Institute for Medical Engineering, Technische Universität München, Boltzmannstr. 11, 85748, Garching, Germany.
Chair of Complex & Intelligent Systems, Universität Passau, Innstr. 43, 94032, Passau, Germany; ZD.B Chair of Embedded Intelligence for Health Care and Wellbeing, University of Augsburg, Eichleitnerstr. 30, 86159, Augsburg, Germany.
Comput Biol Med. 2018 Mar 1;94:106-118. doi: 10.1016/j.compbiomed.2018.01.007. Epub 2018 Jan 31.
Snoring can be excited in different locations within the upper airways during sleep. It was hypothesised that the excitation locations are correlated with distinct acoustic characteristics of the snoring noise. To verify this hypothesis, a database of snore sounds is developed, labelled with the location of sound excitation.

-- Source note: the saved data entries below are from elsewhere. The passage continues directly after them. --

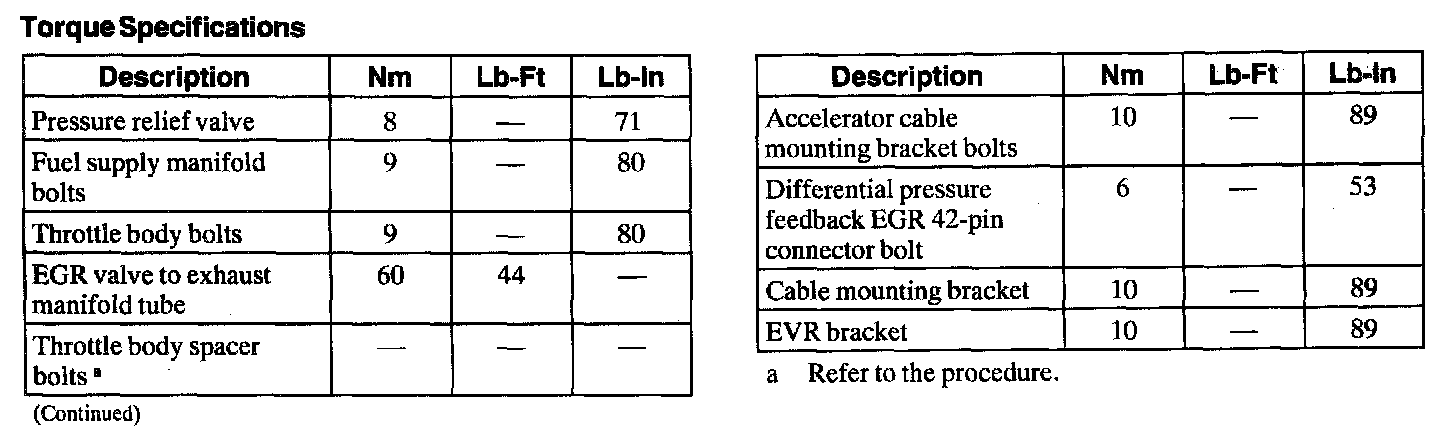 Torque Specifications:
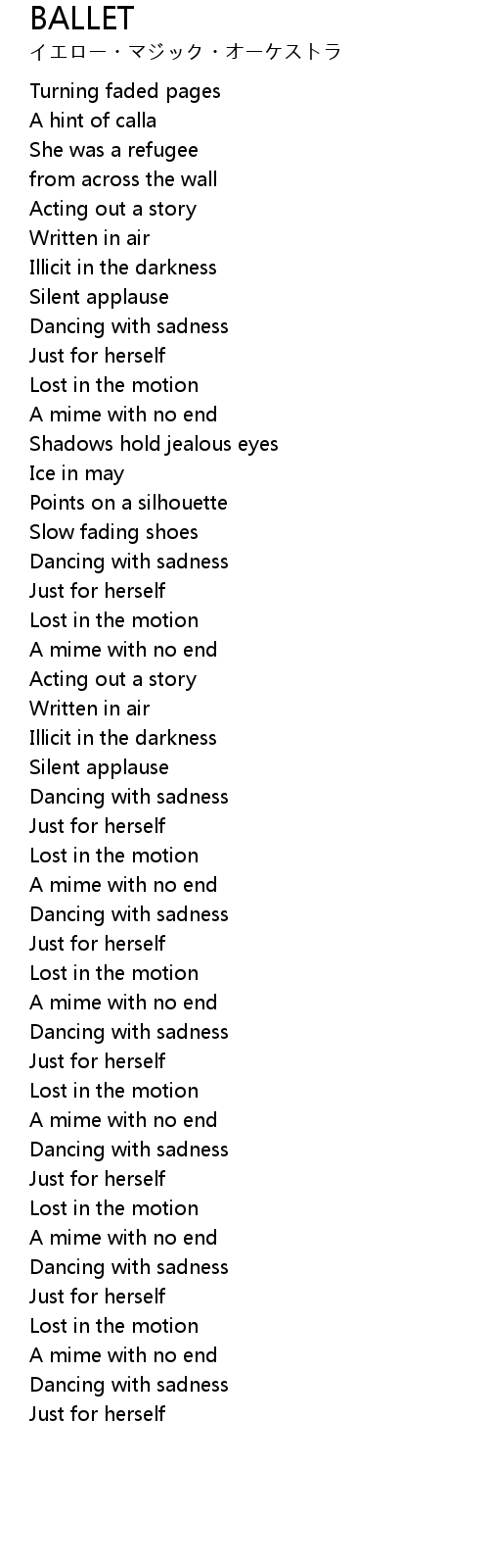 | [04:19.74] | A mime with no end |
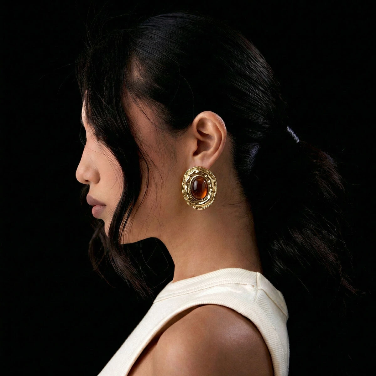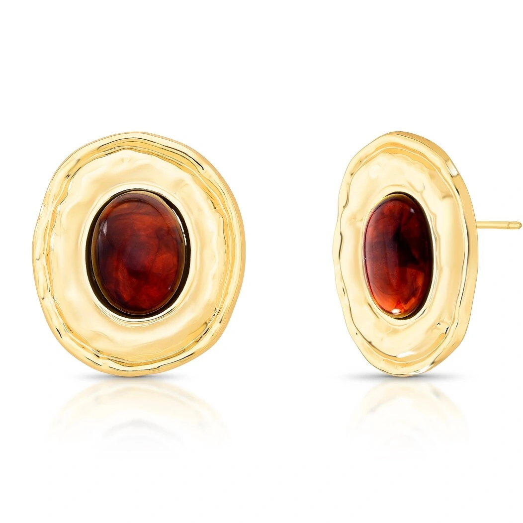 Elegante e marcante, este brinco destaca a beleza intensa da pedra em resina em tom profundo, envolvida por um design orgânico com banho de ouro 18 quilates que valoriza ainda mais seu brilho e sofisticação.
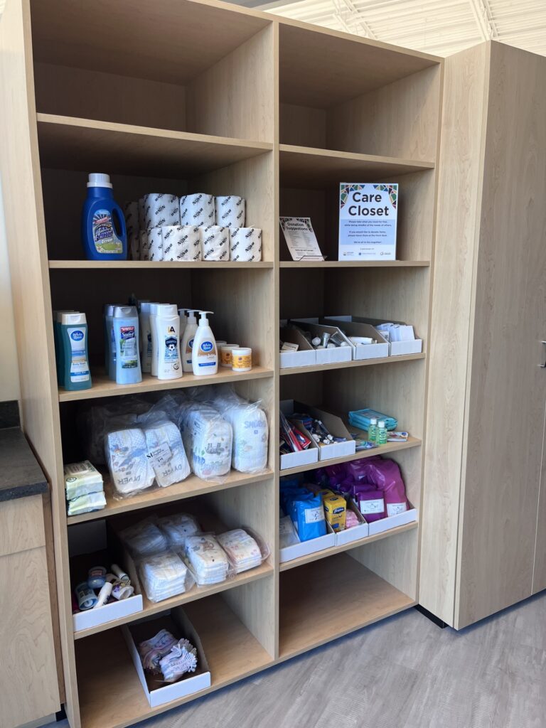 The Care Closet is located in Newton Public Library’s southeast corner, next to the coffee station. It’s a joint project of United Way of Harvey and Marion Counties, Health Ministries Clinic, and the library.
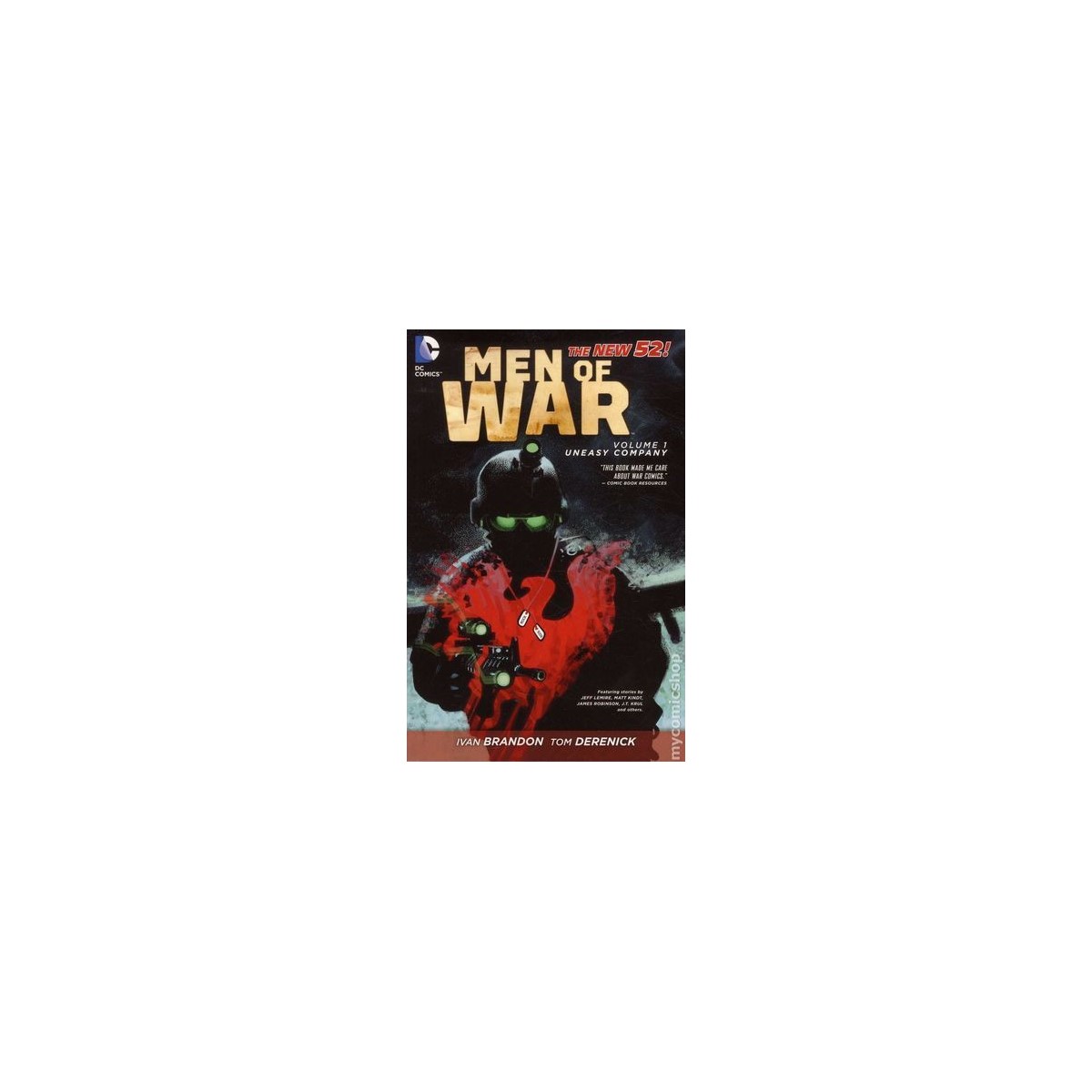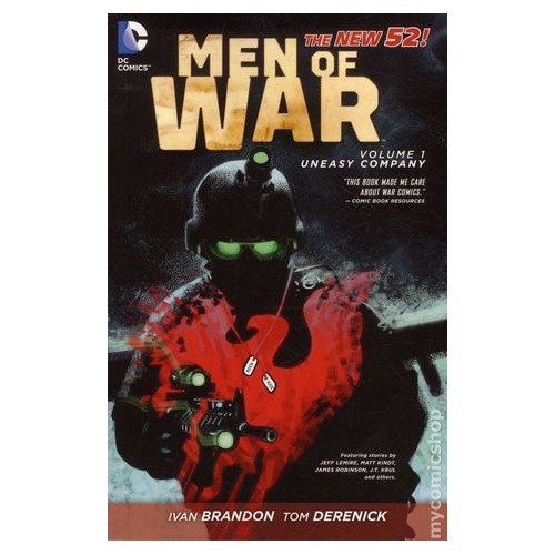 As a part of the acclaimed DC Comics—The New 52 event of September 2011, Men of War follows young, headstrong soldier Joe Rock (grandson of the legendary Sgt. Rock) as he assumes command of Easy Company–a team of ex-military men turned contractors. Will they survive the battle-scarred landscape carved by the DCU's Super-Villains? Find out in this explosive new series from Ivan Brandon (Viking, Doc Savage) and Tom Derenick (Justice Society Of America)!
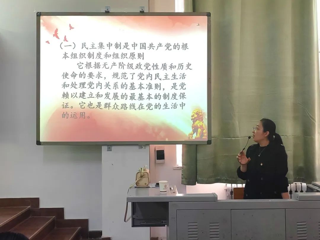 学生第二党支部书记朱燕芬讲述了中国共产党百年奋斗的光辉历程和历史经验,她鼓励学员们深刻理解和掌握这些经验,并以实际行动将其转化为推动自身发展的重要力量。学生第一党支部书记贾静围绕中国共产党的组织原则——民主集中制进行深入介绍,她重点讲解了党内严明纪律,包括政治、组织、工作和保密纪律等方面的内容,并强调严明纪律是党的生命线,是维护党的团结统一和高效决策的根本保证。第二党支部组织委员李萌茹以习近平文化思想为题向大家介绍了“四个自信”,同时与学员们分享了习近平文化思想的相关内容,引导同学们加强爱国主义思想,为实现中华民族伟大复兴贡献自己的一份力量。
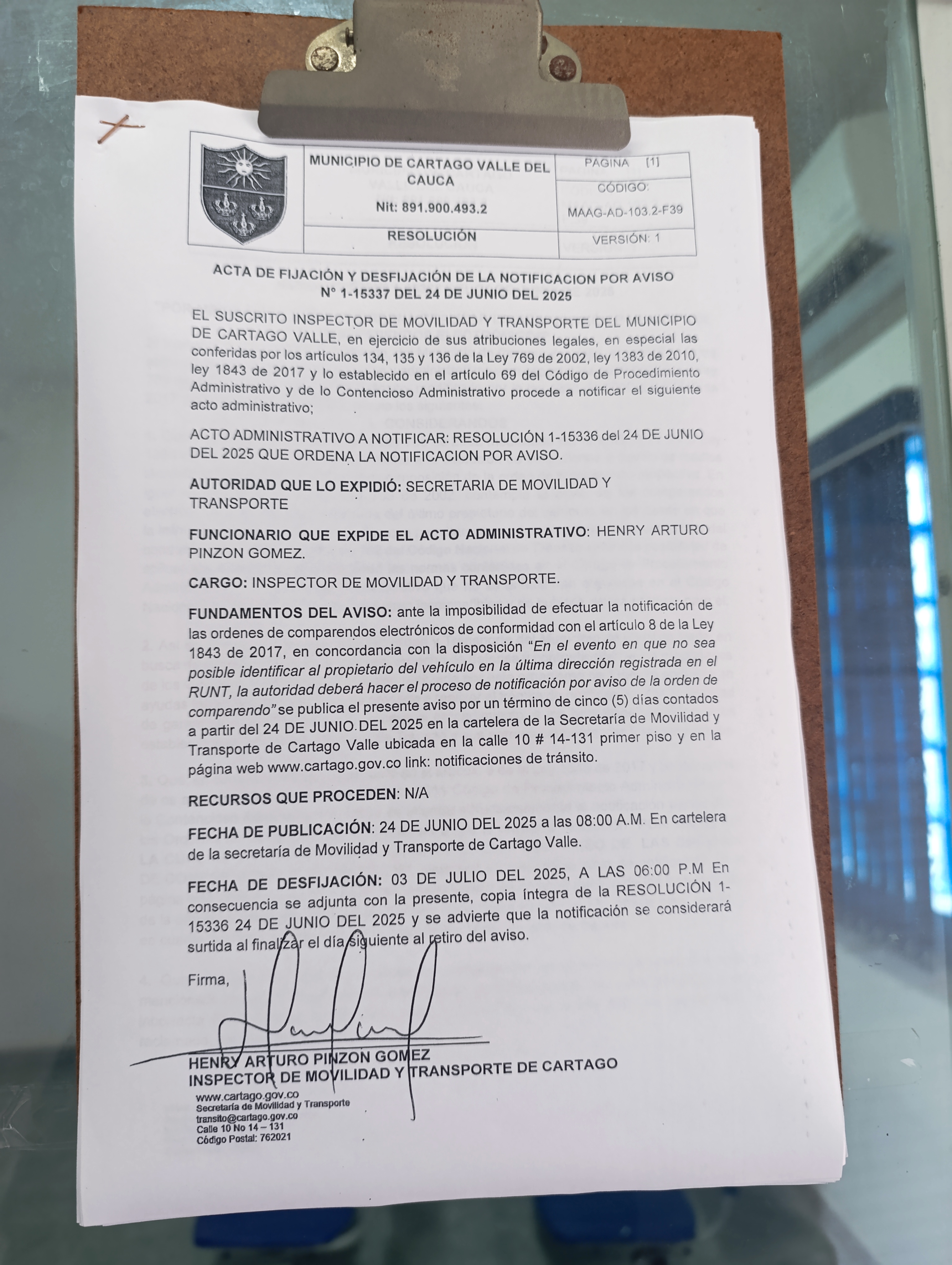 RESOLUCION No. 1-15336 DEL 24 DE JUNIO DEL 2025 QUE ORDENA LA NOTIFICACION POR AVISO
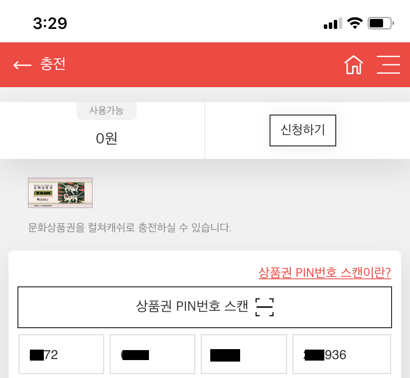 컬쳐랜드 앱 설 치 후 로그인 > 상품권 바코드 숫자(16자리) 스캔 > 충전완료

Video and audio recordings taken during drug induced sleep endoscopy (DISE) examinations from three medical centres have been semi-automatically screened for snore events, which subsequently have been classified by ENT experts into four classes based on the VOTE classification. The resulting dataset containing 828 snore events from 219 subjects has been split into Train, Development, and Test sets. An SVM classifier has been trained using low level descriptors (LLDs) related to energy, spectral features, mel frequency cepstral coefficients (MFCC), formants, voicing, harmonic-to-noise ratio (HNR), spectral harmonicity, pitch, and microprosodic features.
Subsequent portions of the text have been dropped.